I don't think I can emphasize enough: start EARLY. Seriously. You will make your life much easier if you start programming, measuring and writing (that especially!) in good time. Most opponents can recognize hasty writing hurriedly finished over the last week before deadline. As for the question what is the minimum time in which I can write a thesis, let's pretend I never heard the question.

The exact dates of everything that happens at the Faculty of Mathematics and Physics, such as beginnings and ends of semesters, deadlines for courses and exams enrollments, deadlines for theses submissions and theses exams, is strictly bound by an official Academic Calendar of the faculty. Look out for the exact deadlines of the required actions in the current version.

With that in mind, let's say that a typical master's curriculum takes two academic years (four semesters). Master's thesis writing is officially a three-semester course, consisting of three subsequent (!) semesters each of which you must subscribe to in the Study Information System (SIS), in the appointed deadline. ML: ALE to není oficiámní požadavek a často si studenti zapíší všechny tři kurzy až najednou na konci čtvrtého semestru; navíc v akad. kalendáři je doporučení vybrat si diplomku až v listopadu 2. roku (což je zejména důležité pro LCT studenty).

ML: However, this ideal timetable is not applicable in all case, especially, e.g., for LCT students who spend one year abroad - LCT students typically select the topic at the beginning of their second year, i.e. during October (note that those doing their second year at another university still must find a co-supervisor from Prague.

That generates roughly the following course of action:

- Master's study defense (obhajoba in Czech): requires submitting the electronic (PDF) and the paper (hardcover) version of the thesis in the appointed deadline, enrolling for the exam in the Study Information System (SIS) (again, the in the official deadline) and obviously, showing up for the defence. More about the actual thesis defense later.
- Master's state final examinations (státnice in Czech): requires registering for the examination in the required deadline and showing up for the examination. Also more on the examination later.

So each of both parts is offered separately in the Study Information System (SIS), each of them must be enrolled in the required deadline and they can be taken jointly or separately in three possible terms throughout the year: summer (June), autumn (September) and winter (February). Please note that the deadline for registration differs for each of the terms. There is a preferred way, when everything went well, and that is the summer final examination after the 2nd year's summer semester, taking both the defense and examination, which places the registration for both examinations and the submission of the thesis somewhere to May.
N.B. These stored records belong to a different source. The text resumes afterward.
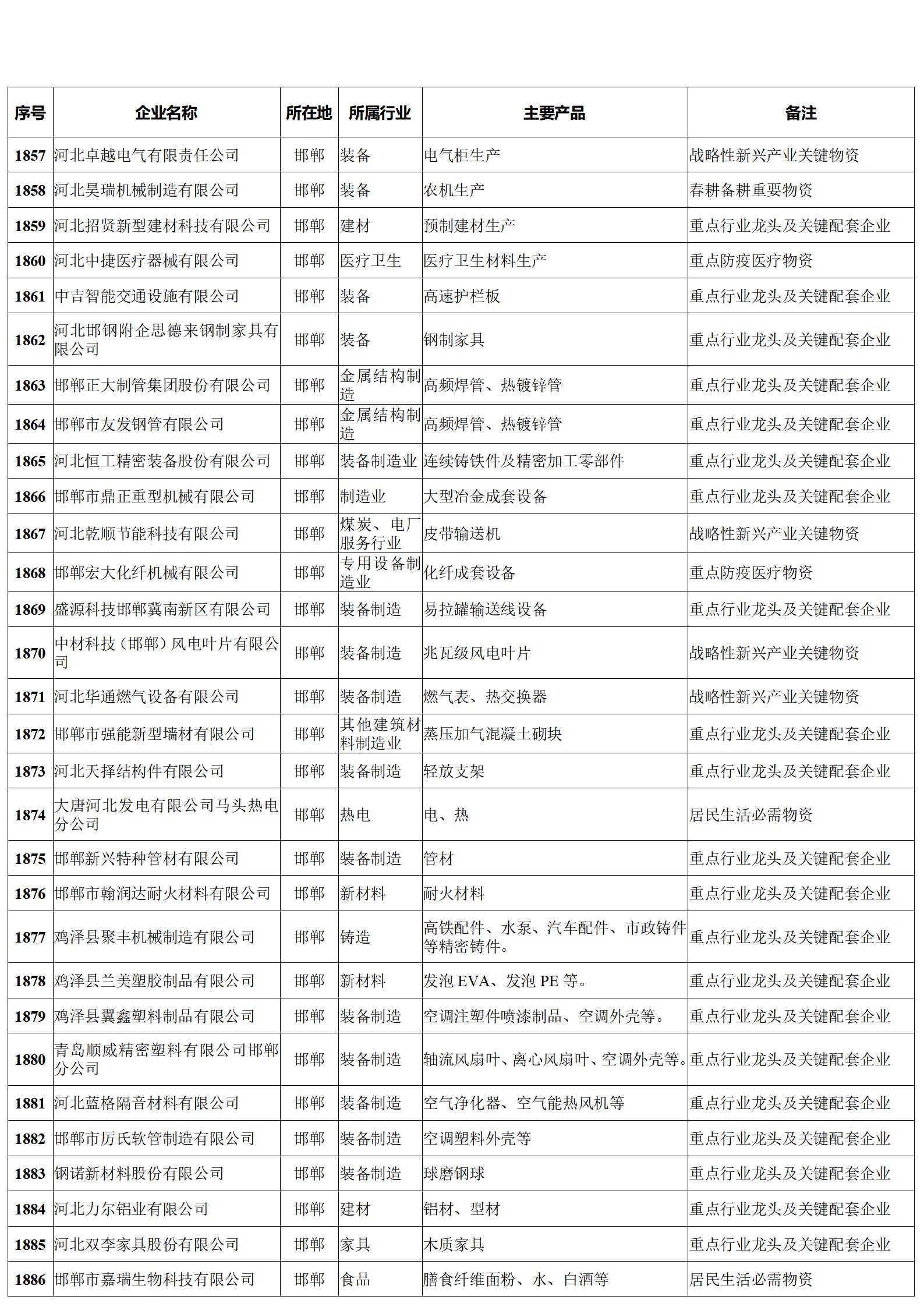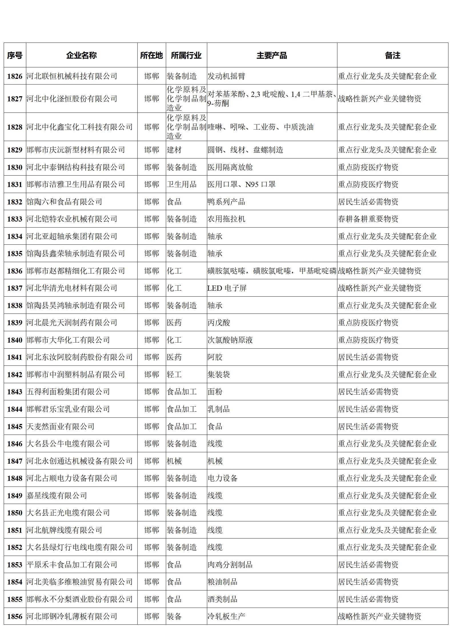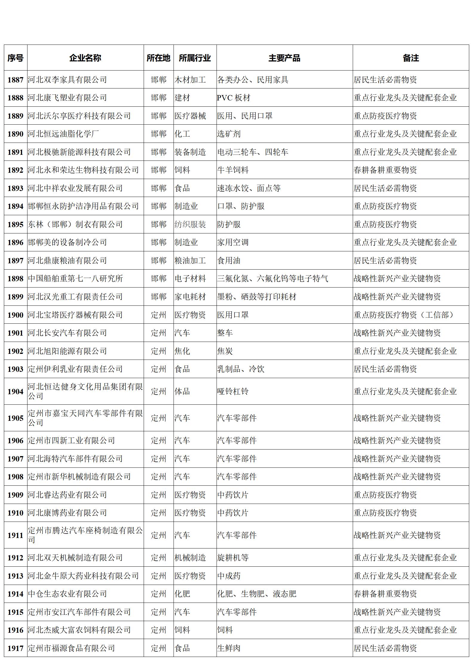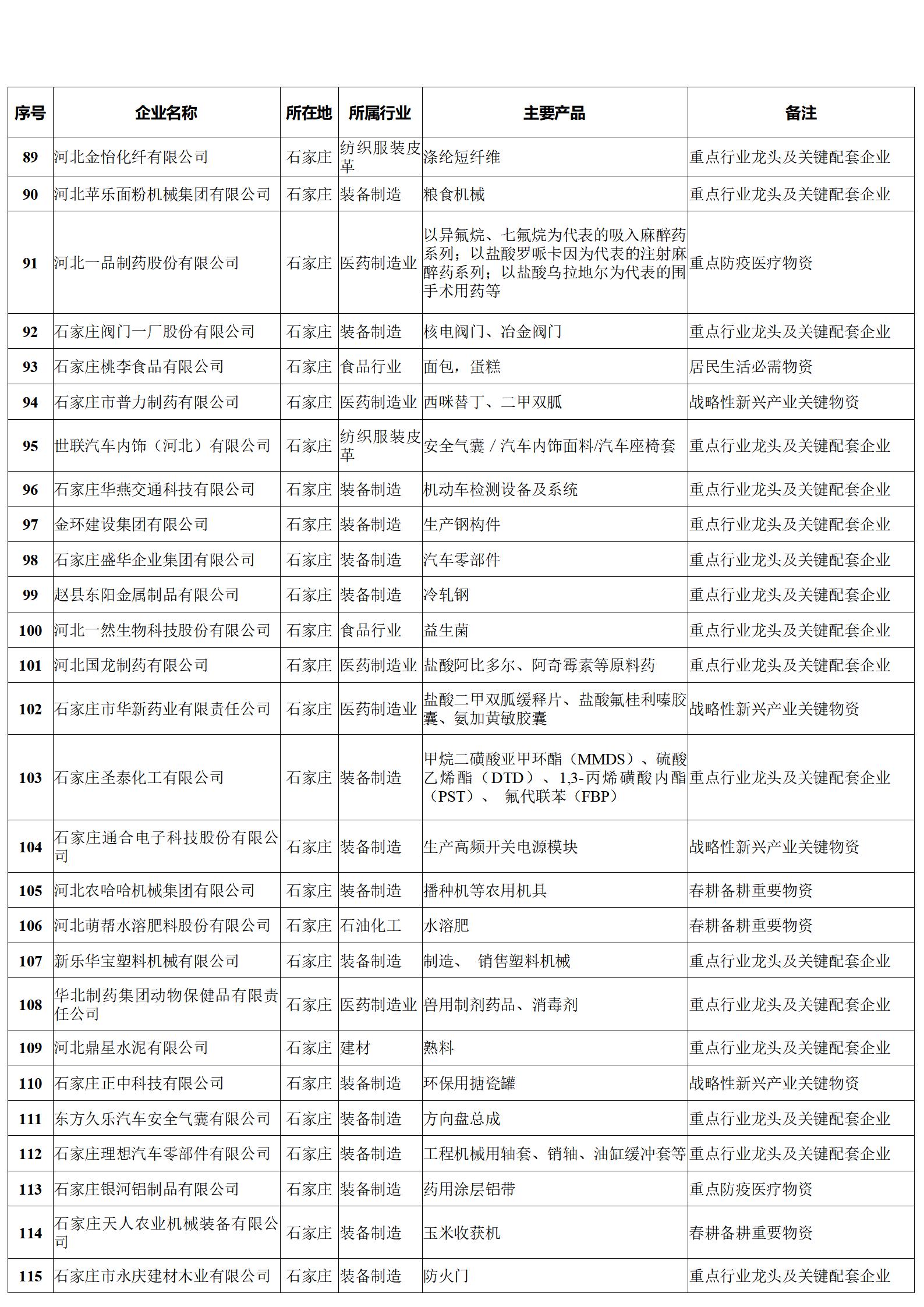河北省重點(diǎn)產(chǎn)業(yè)鏈供應(yīng)鏈“白名單”企業(yè)
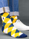Shop the best Denim Argyle Edition SockSoho Men Socks - Premium Compact Combed Cotton in Blue, White, and Yellow color pattern. Elevate your style with these fashionable and comfortable argyle socks. Perfect for any occasion, these premium socks ensure unmatched softness and durability.
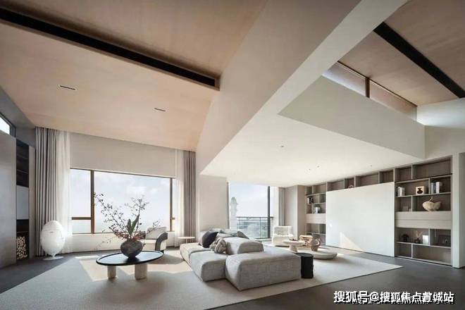 这个空间的设计很独特,既通透又有层次感。巧妙的错位设计,让每个空间都有自己的尺度感。
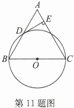 11.如图,在$\triangle ABC$中,$BC= AC= 6$,以BC为直径的$\odot O$与边AB相交于点D,$DE⊥AC$,垂足为E.
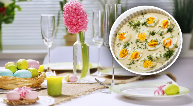 Подаем заливные яйца на Пасху в соусе тар-тар охлажденными.
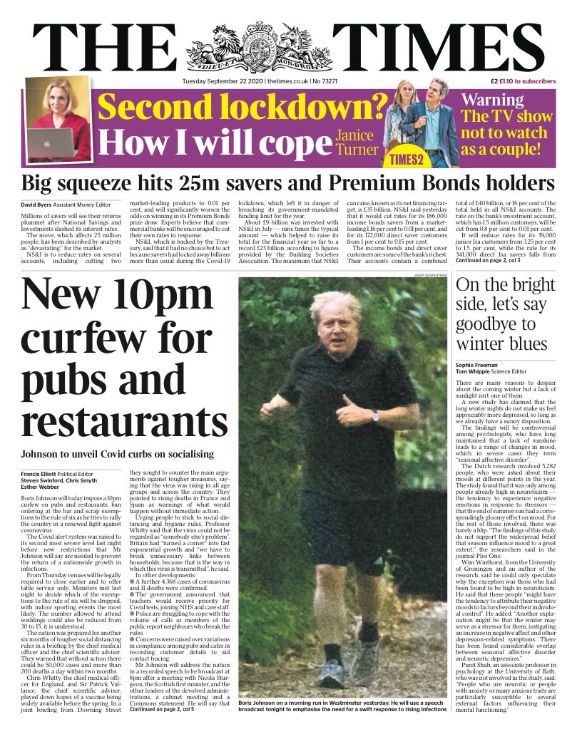 The Daily Telegraph reports that Boris Johnson will announce national coronavirus restrictions including early pub closing and a return to working from home as he starts to reverse the freedoms of recent months.
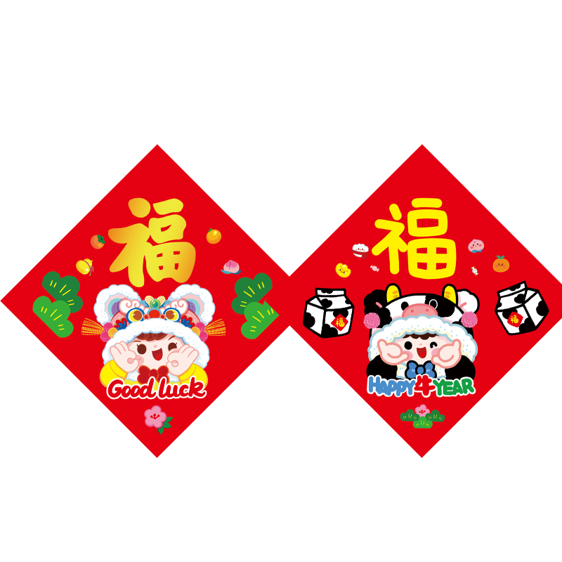 Yu original 2021 Year of the Ox mini cute cartoon Xiaofu word creative personality hard bronzing Spring Festival New Year Decoration
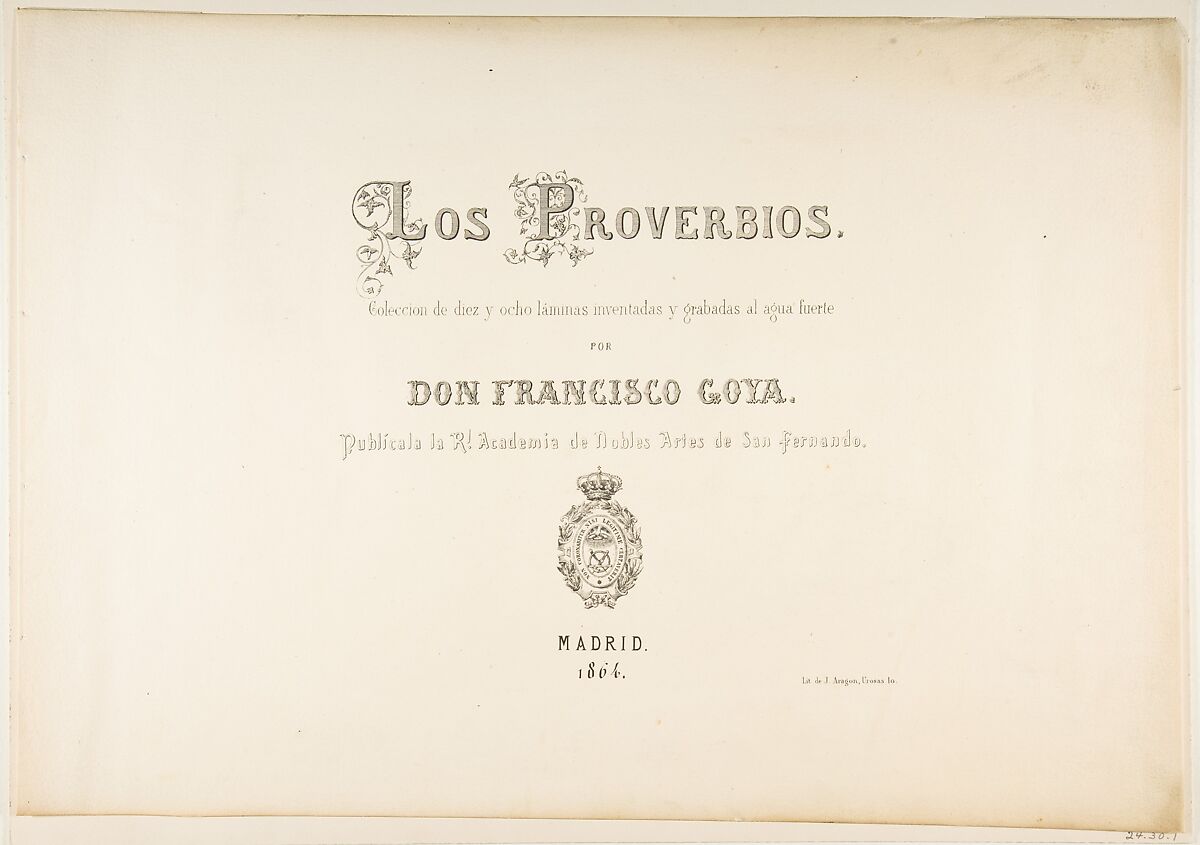 From the posthumous first edition published by the Academia de San Fernando in Madrid in 1864 under the title 'Los Proverbios'.
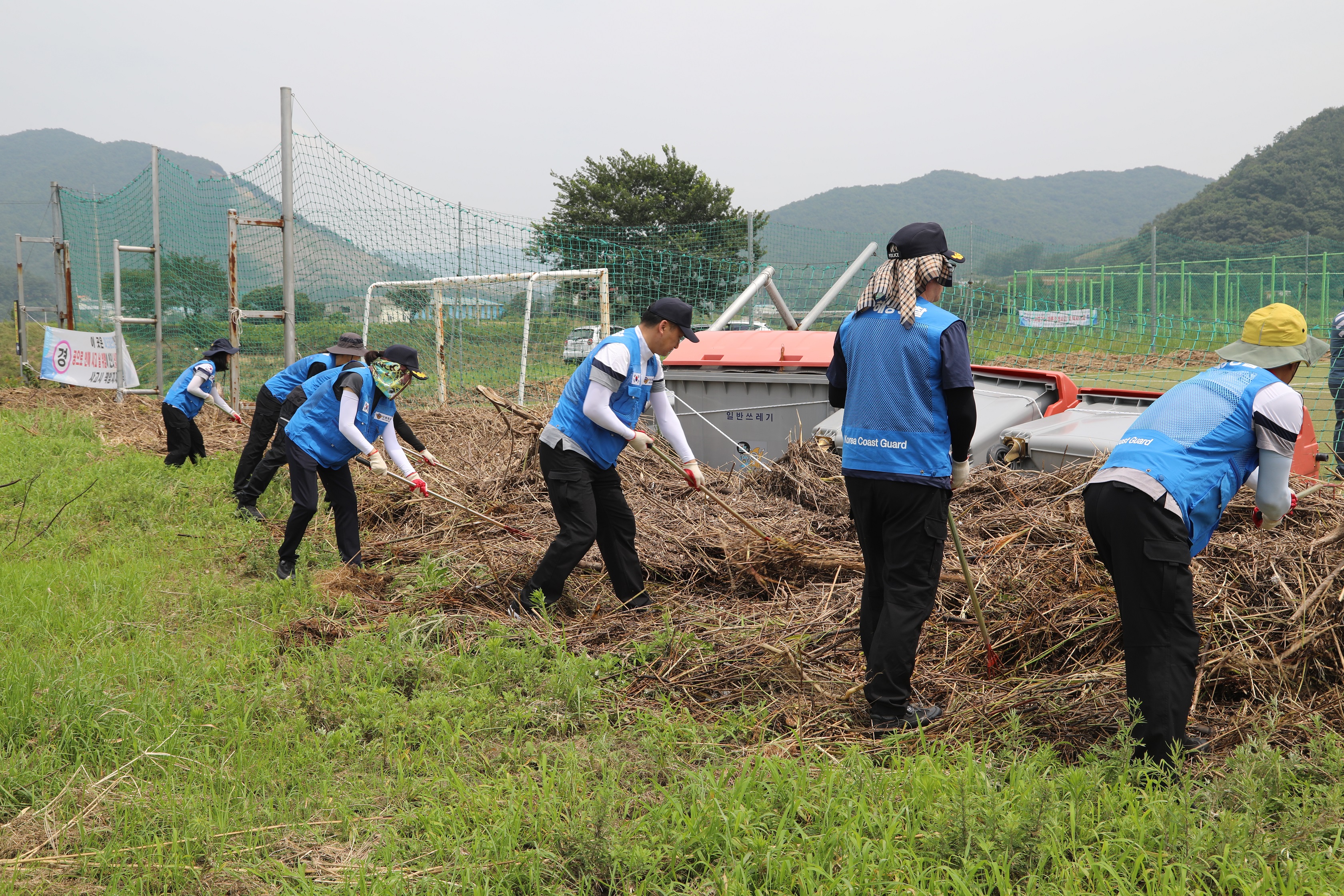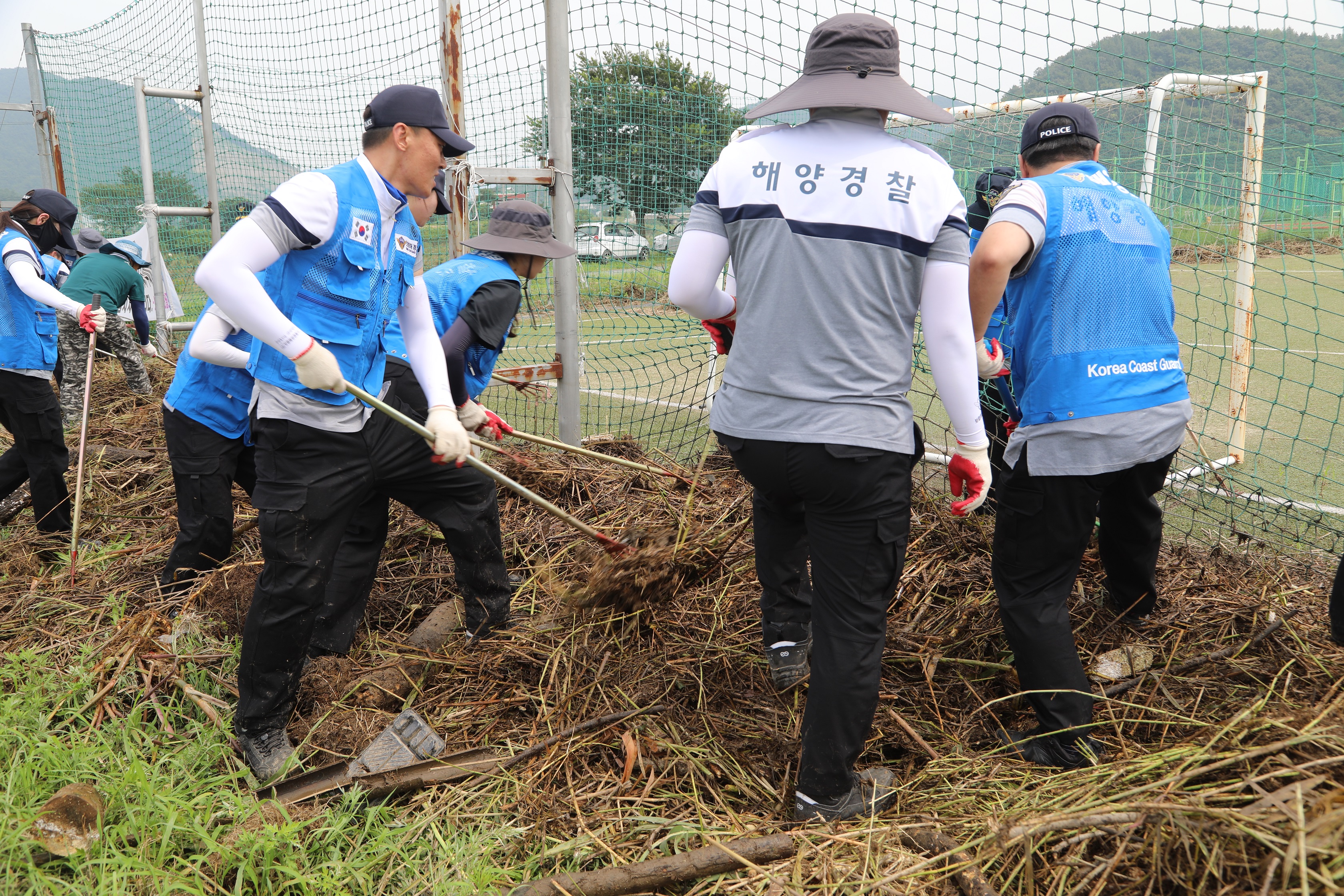 보령해양경찰서는 오늘(20일) 13:30경 웅천천 범람으로 피해를 입은 보령시 웅천읍 노천리 체육공원 일대에서 서장 등 직원 30명이 복구 작업에 나섰다고 밝혔다.

For LCT students: You will also have to come in person and defend the thesis plus pass the state exams at Charles University, even if you are at a partner university for the second year (unless discussed and arranged in a different way well in advance).

Survivor Advice:

“One thing I would like to do better next time (and advise students to do better in their first time) is time management: The programming part should be finished in a half time assigned to bachelor's thesis (even in case it is the main part of the master's thesis). In the end, it will delay and there will be a lot to correct and improve. The experimenting, evaluation, text writing and corrections (corrections!!!) will take more time than one expects. And even if it is not the case - then it's great, at least one is not stressed out from submitting at the last time and will have some spare time.”'

Selecting the Topic, Finding the Supervisor and Registering the Topic in SIS

There are ML: two several ways to select your thesis topic:

Your supervisor will be typically one of ÚFAL professors, researchers and Ph.D. students, although the supervisor may in theory come from other departments of Charles University (or even from other institution).

The student and their supervisor put together the title of the thesis and the description of the work (abstract): this will constitute the official assignment. It should be broad enough to allow deviations once the student gets their first results and realizes that the originally anticipated course of experiments is not the best one to follow. Later changes of title and topic are in theory possible but it is an administrative hassle that is better to avoid.

Necessary steps:

The student office will later send back the hardcopy stamped and signed by the vicedean. Ms. Brdičková will keep it until the end of the academic year. The student will then have to pick it up and include it in one of the printed copies of the thesis (mandatory part, this copy goes to the faculty library).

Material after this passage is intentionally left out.